▶ _Exercise aim_:
Return the data word for word. Pictures are to be omitted.

==== Given information

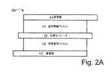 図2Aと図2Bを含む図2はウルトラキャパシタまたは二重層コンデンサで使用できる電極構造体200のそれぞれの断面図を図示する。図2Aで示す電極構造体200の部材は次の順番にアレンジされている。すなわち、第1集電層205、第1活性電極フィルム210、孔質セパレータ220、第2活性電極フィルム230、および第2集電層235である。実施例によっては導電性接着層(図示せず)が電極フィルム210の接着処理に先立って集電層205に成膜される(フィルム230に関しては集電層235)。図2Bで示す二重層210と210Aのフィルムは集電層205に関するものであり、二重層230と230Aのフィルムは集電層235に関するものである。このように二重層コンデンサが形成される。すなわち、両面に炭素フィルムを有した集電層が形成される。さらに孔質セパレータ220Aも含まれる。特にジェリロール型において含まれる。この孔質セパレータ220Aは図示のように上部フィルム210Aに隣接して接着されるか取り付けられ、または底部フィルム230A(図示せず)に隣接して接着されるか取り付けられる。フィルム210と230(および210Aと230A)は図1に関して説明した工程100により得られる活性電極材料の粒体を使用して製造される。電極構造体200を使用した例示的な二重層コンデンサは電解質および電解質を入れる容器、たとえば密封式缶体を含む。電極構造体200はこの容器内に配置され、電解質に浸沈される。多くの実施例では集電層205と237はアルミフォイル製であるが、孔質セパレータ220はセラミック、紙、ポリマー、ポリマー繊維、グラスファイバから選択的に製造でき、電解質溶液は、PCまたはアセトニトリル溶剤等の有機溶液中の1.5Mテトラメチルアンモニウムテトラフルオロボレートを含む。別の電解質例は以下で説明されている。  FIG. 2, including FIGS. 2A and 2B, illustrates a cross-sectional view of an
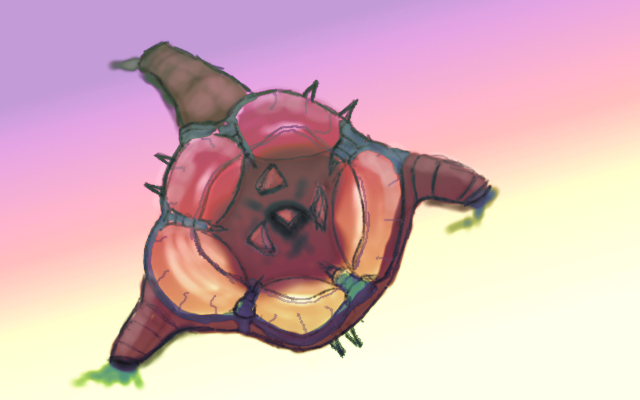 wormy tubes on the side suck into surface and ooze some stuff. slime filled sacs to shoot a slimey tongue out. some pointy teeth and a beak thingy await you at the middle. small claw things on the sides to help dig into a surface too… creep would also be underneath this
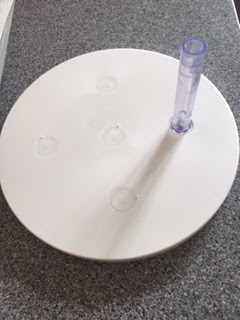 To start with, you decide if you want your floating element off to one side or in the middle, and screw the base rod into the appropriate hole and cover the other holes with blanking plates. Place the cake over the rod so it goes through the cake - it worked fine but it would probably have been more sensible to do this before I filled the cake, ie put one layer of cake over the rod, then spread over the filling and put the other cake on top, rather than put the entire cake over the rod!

========

▶ _Problem solution_:
 図2Aと図2Bを含む図2はウルトラキャパシタまたは二重層コンデンサで使用できる電極構造体200のそれぞれの断面図を図示する。図2Aで示す電極構造体200の部材は次の順番にアレンジされている。すなわち、第1集電層205、第1活性電極フィルム210、孔質セパレータ220、第2活性電極フィルム230、および第2集電層235である。実施例によっては導電性接着層(図示せず)が電極フィルム210の接着処理に先立って集電層205に成膜される(フィルム230に関しては集電層235)。図2Bで示す二重層210と210Aのフィルムは集電層205に関するものであり、二重層230と230Aのフィルムは集電層235に関するものである。このように二重層コンデンサが形成される。すなわち、両面に炭素フィルムを有した集電層が形成される。さらに孔質セパレータ220Aも含まれる。特にジェリロール型において含まれる。この孔質セパレータ220Aは図示のように上部フィルム210Aに隣接して接着されるか取り付けられ、または底部フィルム230A(図示せず)に隣接して接着されるか取り付けられる。フィルム210と230(および210Aと230A)は図1に関して説明した工程100により得られる活性電極材料の粒体を使用して製造される。電極構造体200を使用した例示的な二重層コンデンサは電解質および電解質を入れる容器、たとえば密封式缶体を含む。電極構造体200はこの容器内に配置され、電解質に浸沈される。多くの実施例では集電層205と237はアルミフォイル製であるが、孔質セパレータ220はセラミック、紙、ポリマー、ポリマー繊維、グラスファイバから選択的に製造でき、電解質溶液は、PCまたはアセトニトリル溶剤等の有機溶液中の1.5Mテトラメチルアンモニウムテトラフルオロボレートを含む。別の電解質例は以下で説明されている。  FIG. 2, including FIGS. 2A and 2B, illustrates a cross-sectional view of an
 wormy tubes on the side suck into surface and ooze some stuff. slime filled sacs to shoot a slimey tongue out. some pointy teeth and a beak thingy await you at the middle. small claw things on the sides to help dig into a surface too… creep would also be underneath this
 To start with, you decide if you want your floating element off to one side or in the middle, and screw the base rod into the appropriate hole and cover the other holes with blanking plates. Place the cake over the rod so it goes through the cake - it worked fine but it would probably have been more sensible to do this before I filled the cake, ie put one layer of cake over the rod, then spread over the filling and put the other cake on top, rather than put the entire cake over the rod!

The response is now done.